WORK INSTRUCTION>
Write out a word-for-word repetition of the lines that come before the line containing "Surprisingly, given the" in the listing below, along with that line itself, omitting pictures.
======== DATA RECORDS ========
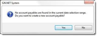 A window will pop up (pictured below) informing you that there aren’t any account payables found for the day. The window will give you the option to create a new account payable. Click YES.
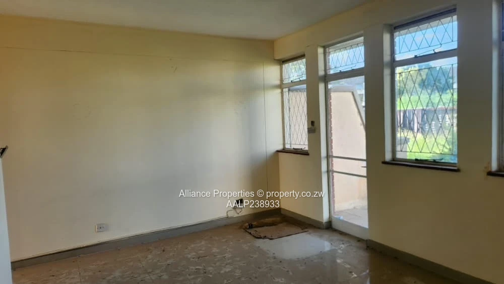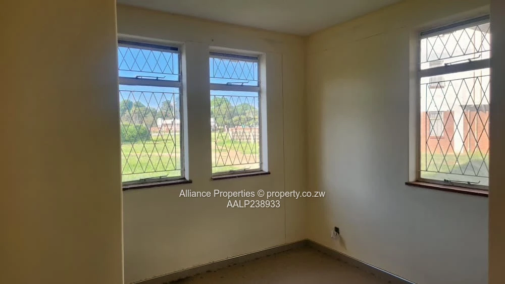 Fresh on the market in Eastlea, Harare East — a bright and practical 2-bedroom, 1-bath ground-floor apartment ideal for a small family or professionals. Set on a 150 m² plot with a 100 m² living area, the flat opens into a light-filled lounge with large diamond-grilled windows that frame views over the communal green and flood the space with natural daylight. The compact kitchen and living area lead to a small covered entrance patio perfect for morning coffee. Bedrooms are well-proportioned with the same generous windows and secure steel grilles for peace of mind.
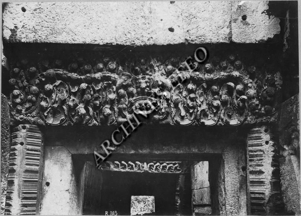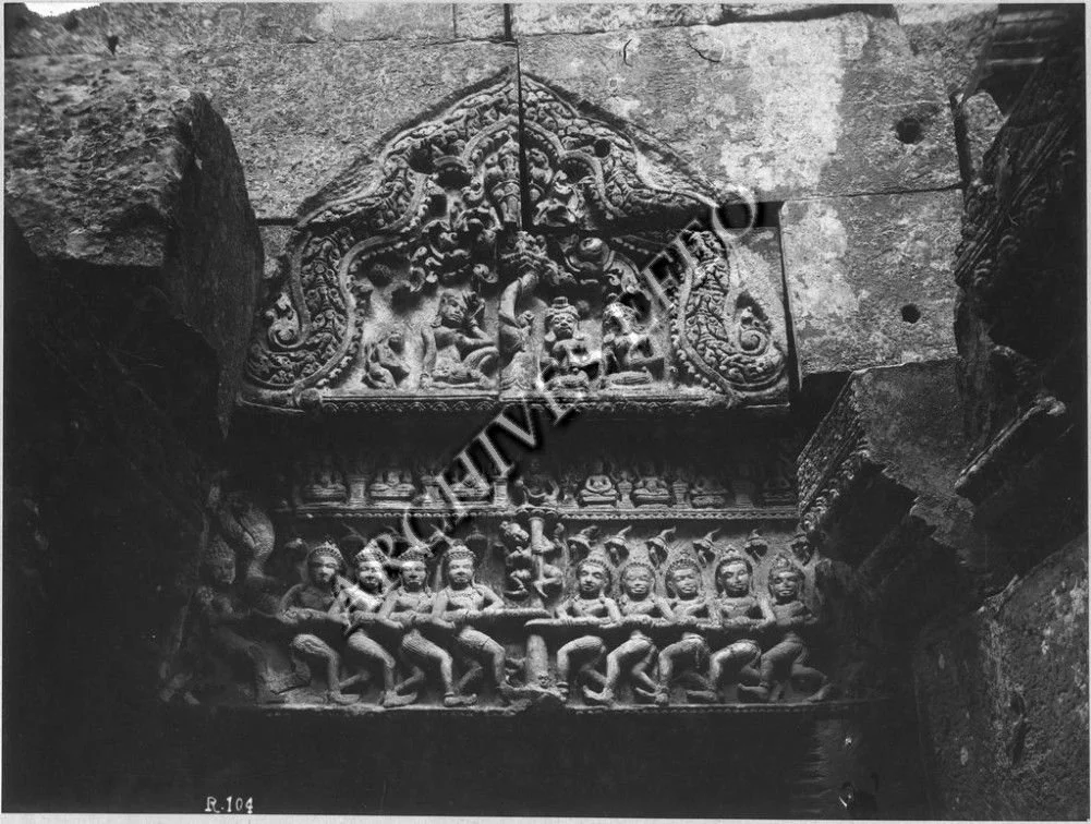 Surprisingly, given the clear cultural value of the carvings even as they remain today, just a few photos are available in the EFEO online photo library. Coming from an unidentified Cambodian fonds, and given the handpainted index numbers, I’m guessing they were taken in 1930 or possibly well before. Someone more familiar with the very first photographers of the region might be able to recognize the handwriting or lettering system. They don’t seem Gsell.
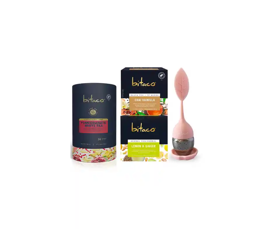 Pack bitaco contiene: TE BLANCO POMEGRANATE WHITE TEA + BITACO INFUSION HERBAL LEMON GINGER + Té Negro Chai Vainilla + Taza infusora de vidrio con filtro
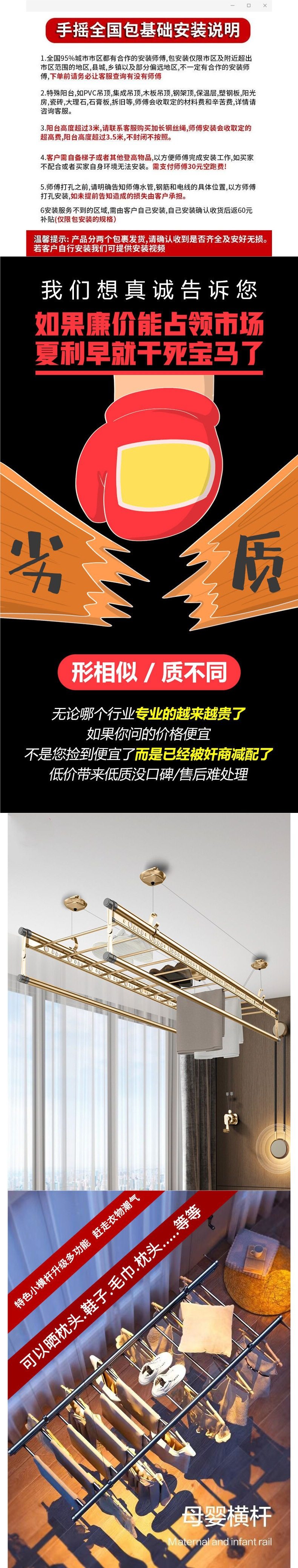 | Specifications | Single pole reinforced 1.2m without hanger,European four-pole 1.2m anti-reverse hand crank,European four-pole 1.5m anti-reverse hand crank,European four-pole 1.8m anti-reverse hand crank,European style four-pole 1.2m anti-reverse hand crank + 10 hangers,European style four-pole 1.5m anti-reverse hand crank + 10 hangers,European style four-pole 1.8m anti-reverse hand crank + 10 hangers,European four-pole 2m anti-reverse hand crank,European style four-pole 2m anti-reverse hand crank + 10 hangers,European four-pole 2.4m anti-reverse hand crank,European style four-pole 2.4m anti-reverse hand crank + 10 hangers,European four-pole 2.7m anti-reverse hand crank,European four-pole 2.7m anti-reverse hand crank +10 hangers,European style four-pole 2.9m anti-reverse hand crank without hanger,European style four-pole 2.9m anti-reverse hand crank + 10 hangers,European four-pole 3.1m anti-reverse hand crank,European style four-pole 3.1m anti-reverse hand crank + 10 hangers,European style double pole 2m anti-reverse hand crank,European style double pole 2m anti-reverse hand crank + 10 hangers,European style double pole 2.4m anti-reverse hand crank,European style double pole 2.4m anti-reverse hand crank + 10 hangers,European style double pole 2.7m anti-reverse hand crank,European style double pole 2.7m +10 hanger anti-reverse hand crank,European style double pole 2.9m anti-reverse hand crank,European style double pole 2.9m anti-reverse hand crank 10 hangers,European style double pole 3.1m anti-reverse hand crank without hanger,European style double pole 3.1m anti-reverse hand crank + 10 hangers |
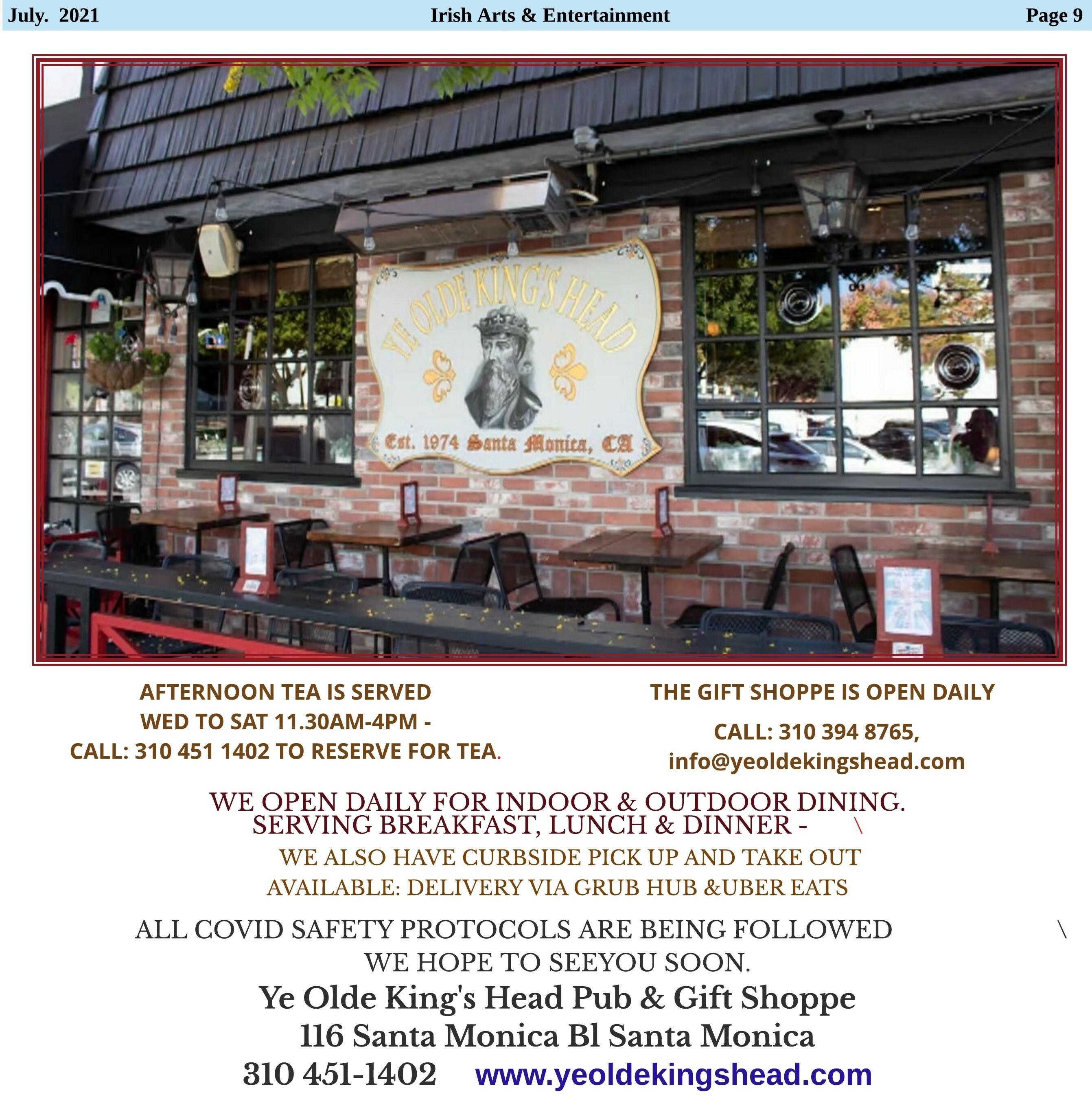 The Mont hly Calendar for t he Auld Dubliner in Long Beach is on Page 5. They are doing m ore t o keep Irish Music and Dance in t he forefront t han any pub in SoCal so please support t hem !
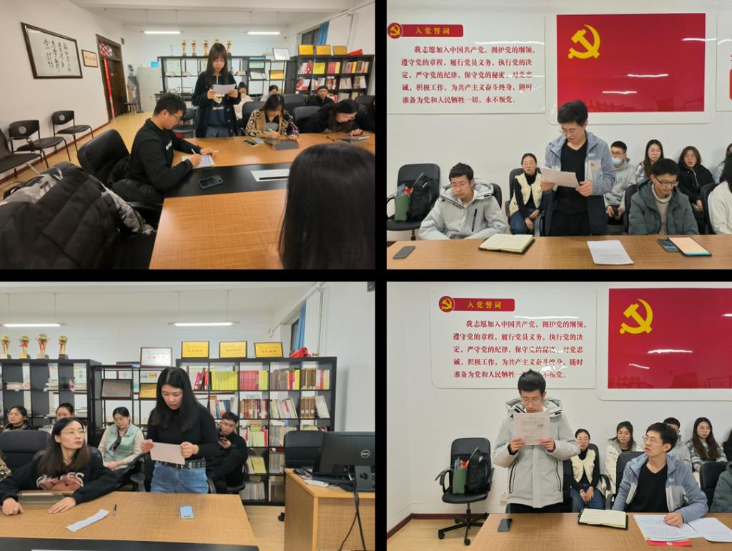 大会第二项是讨论预备党员接收相关事宜。发展对象杨珺雅同学汇报了其在思想、学习和生活上等方面表现以及今后的奋斗方向,表达了强烈入党意愿。杨珺雅同学的入党介绍人刘玉强同志和辛漩漩同志分别对杨珺雅同志的各方面表现作出评价,并对其能否入党发表意见。组织委员陈永睿同志代表支委会宣读了杨珺雅同志的政治审查情况,符合发展为预备党员相关条件。之后,支部成员们对其能否入党进行充分讨论,对杨珺雅同志作出客观评价,最终通过无记名投票的方式同意将杨珺雅同学发展为中共预备党员。杨珺雅同学表示在今后工作和学习中,定会进一步严格要求自己,向身边的优秀党员学习,继续努力改正自己的缺点和不足。
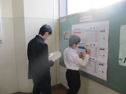 学習実践部では、期末評価期間中の家庭学習時間を確認してグラフによる「学年・学級の頑張りの見える化」を行っています。
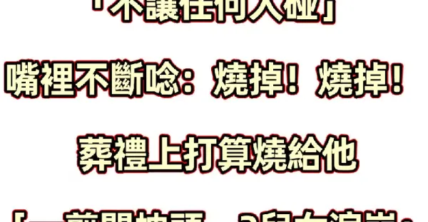 我與老公是重組家庭,幾天前老公為了救我兒子喪命,讓我悲痛不已。但在葬禮當天,兒子卻不停抓著衣服,「直到我把他手扯開後~」,我直接把靈堂給砸了…
========
WRITTEN RESPONSE>
 A window will pop up (pictured below) informing you that there aren’t any account payables found for the day. The window will give you the option to create a new account payable. Click YES.
 Fresh on the market in Eastlea, Harare East — a bright and practical 2-bedroom, 1-bath ground-floor apartment ideal for a small family or professionals. Set on a 150 m² plot with a 100 m² living area, the flat opens into a light-filled lounge with large diamond-grilled windows that frame views over the communal green and flood the space with natural daylight. The compact kitchen and living area lead to a small covered entrance patio perfect for morning coffee. Bedrooms are well-proportioned with the same generous windows and secure steel grilles for peace of mind.
 Surprisingly, given the clear cultural value of the carvings even as they remain today, just a few photos are available in the EFEO online photo library. Coming from an unidentified Cambodian fonds, and given the handpainted index numbers, I’m guessing they were taken in 1930 or possibly well before. Someone more familiar with the very first photographers of the region might be able to recognize the handwriting or lettering system. They don’t seem Gsell.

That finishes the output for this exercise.